* Supplied material
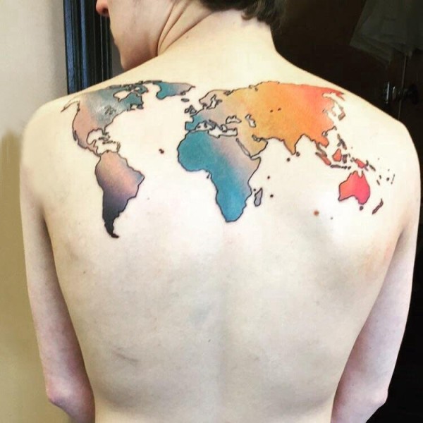 纹身世界地图 男生后背上彩色的世界地图纹身图片
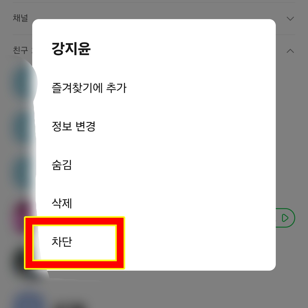 - 나타나는 메뉴에서 맨 아래 '차단' 버튼을 선택합니다
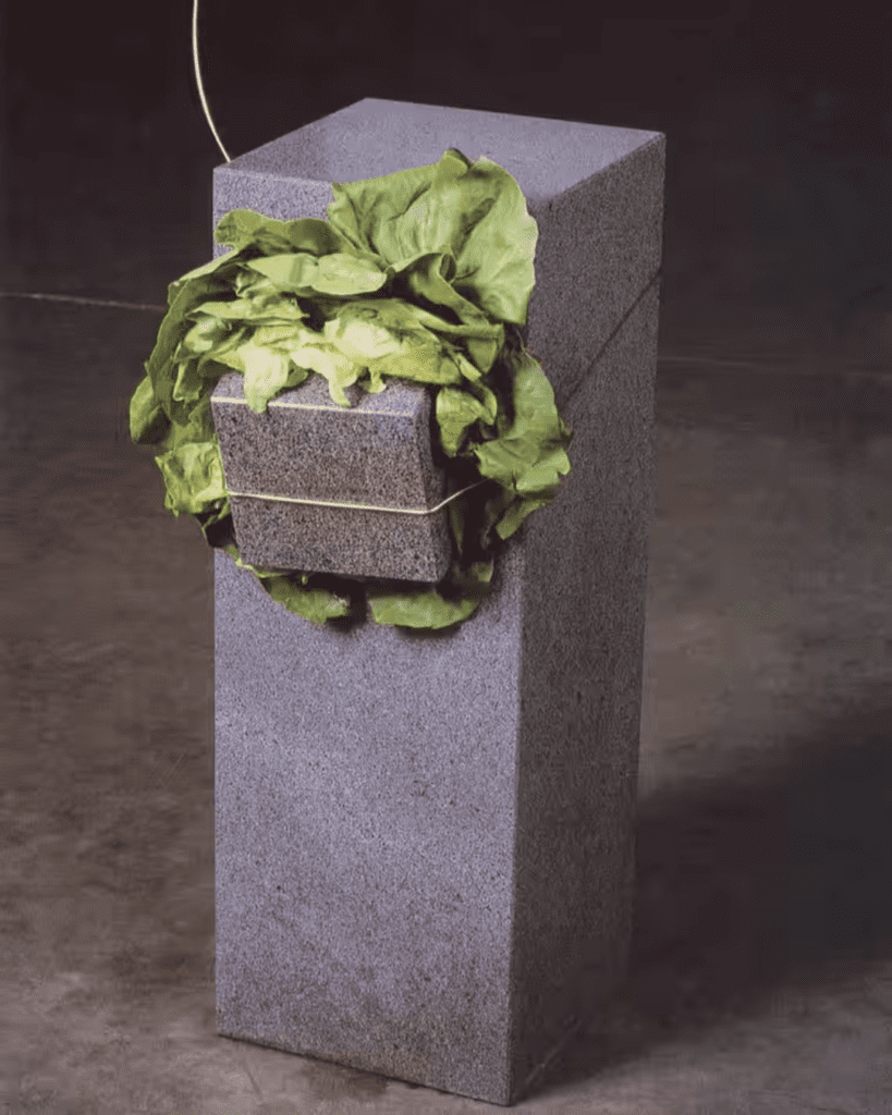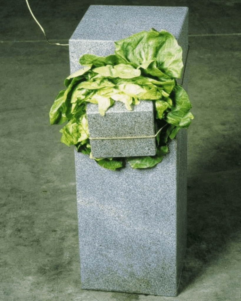 The only way to prevent this is to periodically “feed” the work by replacing the lettuce with a fresh piece. This simple but powerful configuration brings together hard, seemingly eternal stone and perishable vegetal matter. The work is a meditation on time, growth, and decay: it dramatizes the tension between permanence and ephemerality. Viewers experience a palpable sense of suspense, aware that natural decay could undo the balance at any moment
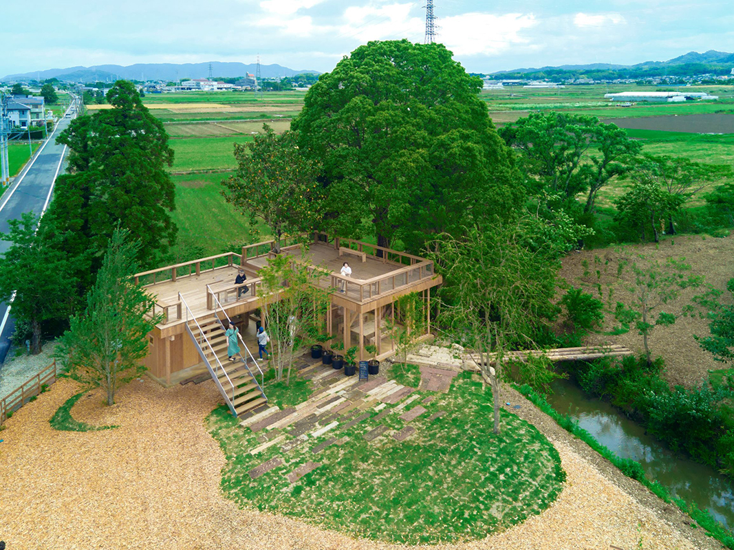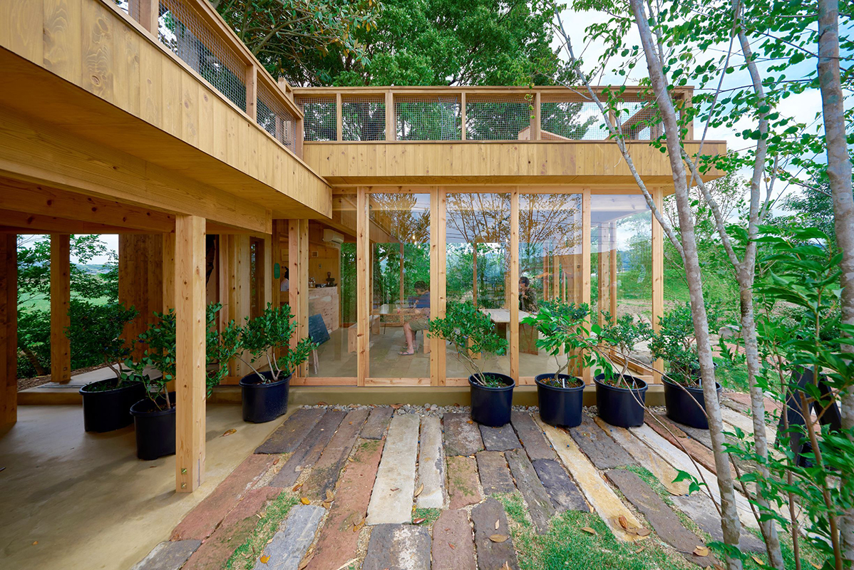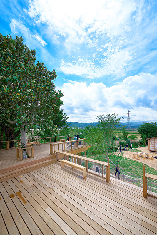 A tree house in "PLAY FARM" that combines a children's playground and a farm. Children can play freely in this farm. The tree house is a resting place and a high pedestal for watching over children. I didn't cut any trees. I wanted to be close to the environment that originally existed. Trees make a green roof. And it creates a pleasant shade.
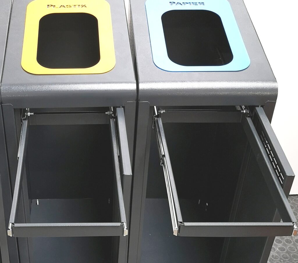 – wyposażony w prowadnice na łożyskach kulkowych do zamocowanie worków wewnątrz. Przy ich opróżnianiu prowadnice zapewniają pełne wysunięcie wypełnionego odpadami worka z korpusu pojemnika,
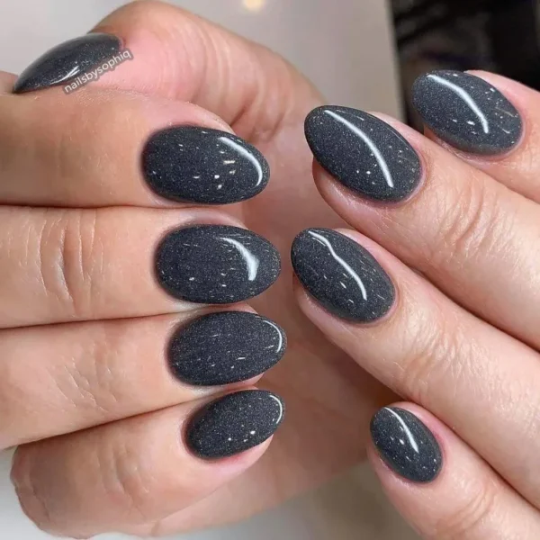 - Głęboki, ciemny kolor z delikatnymi srebrnymi drobinkami.
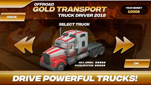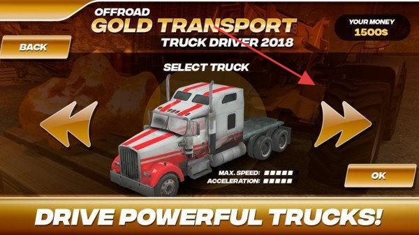 1、进入选车界面,通过左右箭头切换不同卡车,查看每辆车的性能,选好后点击确认按钮,开启运输之旅。

* Exercise brief
Word for word, repeat all the data, but not its images.

* Output for this exercise
 纹身世界地图 男生后背上彩色的世界地图纹身图片
 - 나타나는 메뉴에서 맨 아래 '차단' 버튼을 선택합니다
 The only way to prevent this is to periodically “feed” the work by replacing the lettuce with a fresh piece. This simple but powerful configuration brings together hard, seemingly eternal stone and perishable vegetal matter. The work is a meditation on time, growth, and decay: it dramatizes the tension between permanence and ephemerality. Viewers experience a palpable sense of suspense, aware that natural decay could undo the balance at any moment
 A tree house in "PLAY FARM" that combines a children's playground and a farm. Children can play freely in this farm. The tree house is a resting place and a high pedestal for watching over children. I didn't cut any trees. I wanted to be close to the environment that originally existed. Trees make a green roof. And it creates a pleasant shade.
 – wyposażony w prowadnice na łożyskach kulkowych do zamocowanie worków wewnątrz. Przy ich opróżnianiu prowadnice zapewniają pełne wysunięcie wypełnionego odpadami worka z korpusu pojemnika,
 - Głęboki, ciemny kolor z delikatnymi srebrnymi drobinkami.
 1、进入选车界面,通过左右箭头切换不同卡车,查看每辆车的性能,选好后点击确认按钮,开启运输之旅。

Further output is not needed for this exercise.